Here Is Our Endorsement
I speculate that many atheist or agnostic readers of GAE will stop here, at page 12, and lightly skim the rest of the book. Did humans evolve like all other species on Earth? Yes? And Adam and Eve, if they existed, are in principle undetectable by science? Also yes? Wonderful: we’ll endorse the book. Just tell us where to send our blurbs. Nihil obstat, as far as standard evolutionary theory is concerned.

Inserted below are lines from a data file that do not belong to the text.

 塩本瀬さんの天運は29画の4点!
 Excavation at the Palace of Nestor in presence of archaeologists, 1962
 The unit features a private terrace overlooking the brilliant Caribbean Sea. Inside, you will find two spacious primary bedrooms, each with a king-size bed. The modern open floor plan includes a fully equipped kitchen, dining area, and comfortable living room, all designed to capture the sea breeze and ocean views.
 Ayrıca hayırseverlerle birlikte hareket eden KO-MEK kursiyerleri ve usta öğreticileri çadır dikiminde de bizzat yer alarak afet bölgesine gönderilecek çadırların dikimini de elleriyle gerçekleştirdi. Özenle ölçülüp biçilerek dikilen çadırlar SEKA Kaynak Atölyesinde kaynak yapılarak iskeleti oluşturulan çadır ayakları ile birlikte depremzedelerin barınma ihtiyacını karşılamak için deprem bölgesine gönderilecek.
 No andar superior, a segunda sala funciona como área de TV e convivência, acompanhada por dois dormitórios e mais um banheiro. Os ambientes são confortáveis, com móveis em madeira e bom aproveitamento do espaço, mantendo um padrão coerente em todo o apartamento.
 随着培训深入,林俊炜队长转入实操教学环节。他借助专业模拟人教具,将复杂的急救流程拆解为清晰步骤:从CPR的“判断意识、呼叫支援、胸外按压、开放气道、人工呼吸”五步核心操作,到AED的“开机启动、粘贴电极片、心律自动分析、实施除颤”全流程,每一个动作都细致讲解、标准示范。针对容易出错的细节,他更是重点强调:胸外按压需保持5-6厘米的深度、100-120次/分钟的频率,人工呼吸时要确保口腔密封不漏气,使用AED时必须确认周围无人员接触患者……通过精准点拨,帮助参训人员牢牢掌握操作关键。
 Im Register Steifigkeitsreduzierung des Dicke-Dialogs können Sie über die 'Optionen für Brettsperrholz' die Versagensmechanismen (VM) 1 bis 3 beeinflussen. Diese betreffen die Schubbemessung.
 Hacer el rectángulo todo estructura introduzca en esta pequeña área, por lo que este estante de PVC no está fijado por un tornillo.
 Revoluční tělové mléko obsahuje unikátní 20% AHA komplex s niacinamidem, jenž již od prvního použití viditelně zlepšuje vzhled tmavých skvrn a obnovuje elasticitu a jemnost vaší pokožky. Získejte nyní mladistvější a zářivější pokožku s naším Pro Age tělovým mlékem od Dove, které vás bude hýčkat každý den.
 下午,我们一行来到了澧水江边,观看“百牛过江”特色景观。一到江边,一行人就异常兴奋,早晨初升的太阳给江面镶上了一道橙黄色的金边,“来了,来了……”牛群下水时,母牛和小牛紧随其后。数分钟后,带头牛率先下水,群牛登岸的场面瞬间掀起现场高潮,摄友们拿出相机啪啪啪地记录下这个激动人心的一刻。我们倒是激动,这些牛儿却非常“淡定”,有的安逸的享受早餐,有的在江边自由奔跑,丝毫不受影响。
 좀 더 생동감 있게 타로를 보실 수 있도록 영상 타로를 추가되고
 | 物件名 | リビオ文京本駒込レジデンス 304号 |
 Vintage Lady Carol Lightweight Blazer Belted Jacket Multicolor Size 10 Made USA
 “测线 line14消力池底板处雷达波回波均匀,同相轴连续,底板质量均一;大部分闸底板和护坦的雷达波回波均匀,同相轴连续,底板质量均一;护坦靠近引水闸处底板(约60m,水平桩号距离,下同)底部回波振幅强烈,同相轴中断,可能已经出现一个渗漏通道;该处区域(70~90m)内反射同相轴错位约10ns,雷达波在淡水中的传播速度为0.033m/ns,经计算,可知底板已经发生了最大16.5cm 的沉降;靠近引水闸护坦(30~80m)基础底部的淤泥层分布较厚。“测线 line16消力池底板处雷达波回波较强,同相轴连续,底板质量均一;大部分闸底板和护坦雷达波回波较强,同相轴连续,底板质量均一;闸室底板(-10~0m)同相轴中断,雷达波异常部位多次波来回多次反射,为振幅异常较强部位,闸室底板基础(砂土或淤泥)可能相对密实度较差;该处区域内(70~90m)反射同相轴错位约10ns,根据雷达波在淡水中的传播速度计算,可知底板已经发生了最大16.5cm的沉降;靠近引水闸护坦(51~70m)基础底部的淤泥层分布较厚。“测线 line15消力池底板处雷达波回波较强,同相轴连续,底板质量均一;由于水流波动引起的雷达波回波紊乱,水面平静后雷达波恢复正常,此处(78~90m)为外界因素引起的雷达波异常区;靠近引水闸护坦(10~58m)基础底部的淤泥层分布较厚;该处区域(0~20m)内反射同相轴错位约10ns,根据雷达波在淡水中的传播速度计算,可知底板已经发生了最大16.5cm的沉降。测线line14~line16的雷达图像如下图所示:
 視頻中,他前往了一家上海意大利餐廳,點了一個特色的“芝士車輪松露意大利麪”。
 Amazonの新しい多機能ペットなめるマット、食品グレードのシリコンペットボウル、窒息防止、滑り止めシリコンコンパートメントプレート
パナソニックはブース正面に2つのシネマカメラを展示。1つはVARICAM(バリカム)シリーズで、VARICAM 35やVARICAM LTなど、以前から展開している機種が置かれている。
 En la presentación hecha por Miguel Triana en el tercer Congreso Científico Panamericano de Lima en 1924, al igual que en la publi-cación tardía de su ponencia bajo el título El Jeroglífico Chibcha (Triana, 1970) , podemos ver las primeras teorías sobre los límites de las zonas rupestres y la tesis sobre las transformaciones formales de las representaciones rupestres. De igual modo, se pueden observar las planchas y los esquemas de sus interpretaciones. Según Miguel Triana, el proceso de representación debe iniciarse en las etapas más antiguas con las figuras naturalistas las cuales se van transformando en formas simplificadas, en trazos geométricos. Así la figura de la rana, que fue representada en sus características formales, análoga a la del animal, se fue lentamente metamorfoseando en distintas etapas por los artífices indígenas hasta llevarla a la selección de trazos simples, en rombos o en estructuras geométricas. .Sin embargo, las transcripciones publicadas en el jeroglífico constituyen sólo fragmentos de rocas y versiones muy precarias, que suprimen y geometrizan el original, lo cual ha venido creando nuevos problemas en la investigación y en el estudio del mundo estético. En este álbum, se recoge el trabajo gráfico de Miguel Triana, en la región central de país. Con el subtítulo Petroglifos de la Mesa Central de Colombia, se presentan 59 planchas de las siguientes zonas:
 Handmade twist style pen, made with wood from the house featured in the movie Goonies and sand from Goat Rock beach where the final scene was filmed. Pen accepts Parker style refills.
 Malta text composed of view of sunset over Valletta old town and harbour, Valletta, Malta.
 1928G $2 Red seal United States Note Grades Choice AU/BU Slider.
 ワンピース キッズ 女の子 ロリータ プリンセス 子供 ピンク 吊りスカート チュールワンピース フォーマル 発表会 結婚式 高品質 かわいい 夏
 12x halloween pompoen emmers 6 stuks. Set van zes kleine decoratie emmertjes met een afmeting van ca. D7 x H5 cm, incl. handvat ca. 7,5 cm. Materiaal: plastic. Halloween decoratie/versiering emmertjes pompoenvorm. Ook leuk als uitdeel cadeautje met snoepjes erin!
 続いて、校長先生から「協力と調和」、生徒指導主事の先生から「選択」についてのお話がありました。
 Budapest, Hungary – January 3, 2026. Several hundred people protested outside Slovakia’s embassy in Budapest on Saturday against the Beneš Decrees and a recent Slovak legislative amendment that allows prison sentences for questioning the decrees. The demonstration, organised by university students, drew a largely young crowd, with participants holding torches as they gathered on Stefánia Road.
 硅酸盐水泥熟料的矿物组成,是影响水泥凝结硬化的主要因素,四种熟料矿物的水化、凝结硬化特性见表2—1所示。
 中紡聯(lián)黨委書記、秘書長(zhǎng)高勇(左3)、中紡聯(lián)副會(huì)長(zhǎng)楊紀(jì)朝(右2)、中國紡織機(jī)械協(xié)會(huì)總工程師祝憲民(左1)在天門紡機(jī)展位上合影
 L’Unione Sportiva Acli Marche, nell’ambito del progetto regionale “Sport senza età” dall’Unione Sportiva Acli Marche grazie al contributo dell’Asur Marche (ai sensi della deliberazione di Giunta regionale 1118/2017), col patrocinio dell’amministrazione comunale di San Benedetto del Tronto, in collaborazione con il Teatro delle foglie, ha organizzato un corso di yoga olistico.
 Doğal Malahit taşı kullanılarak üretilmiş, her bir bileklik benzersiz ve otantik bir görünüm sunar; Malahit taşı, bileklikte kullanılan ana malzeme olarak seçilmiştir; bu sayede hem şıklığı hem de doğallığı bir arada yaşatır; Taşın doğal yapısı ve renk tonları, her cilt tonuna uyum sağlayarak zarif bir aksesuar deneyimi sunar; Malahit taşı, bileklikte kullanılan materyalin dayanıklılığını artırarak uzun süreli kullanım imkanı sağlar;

Swamidass has said that science operates by consensus. As I stated in my Sapientia review, I favor Venn diagrams for depicting consensus relations, which are expressions of publicly admissible opinion. Swamidass, as he has long stated, is committed to evolution and common ancestry (see Figure 1) as the established scientific consensus. Thus, common ancestry is his starting point for thinking about Adam and Eve. From there, he reaches out to Christians who currently stand outside that circle, and believe in the traditional conception of Adam and Eve. GAE offers a sort-of-facsimile version of A & E, he argues, within the logical circle of evolution by common ancestry, which you may find acceptable. Step over here, he invites them, to see if you can live theologically with the consequences.
A Path to Truth?
I will be watching to see who takes the GAE offer. For me, scientific consensus is not a path to truth (would I be an ID troublemaker if I believed that? really, now) but represents an inescapable paradox, as simultaneously a strength and weakness of the all-too-human enterprise of science. In our private correspondence, over several years, I have explained to Swamidass my scientific reasons for thinking that human and great ape genomic patterns — his main evidential basis for accepting common ancestry — are far too equivocal a signal to carry the weight he places on them. We disagree, and there our personal debate still stands.
Hence, I see no good grounds for starting the Adam and Eve conversation where Swamidass wants to begin it, with common ancestry as received knowledge. Nonetheless, as a fellow Christian, I wish him well in his project. I’ll find it a lot more significant if, or when, Swamidass defends the GAE scenario as true. A menu item? Not interested.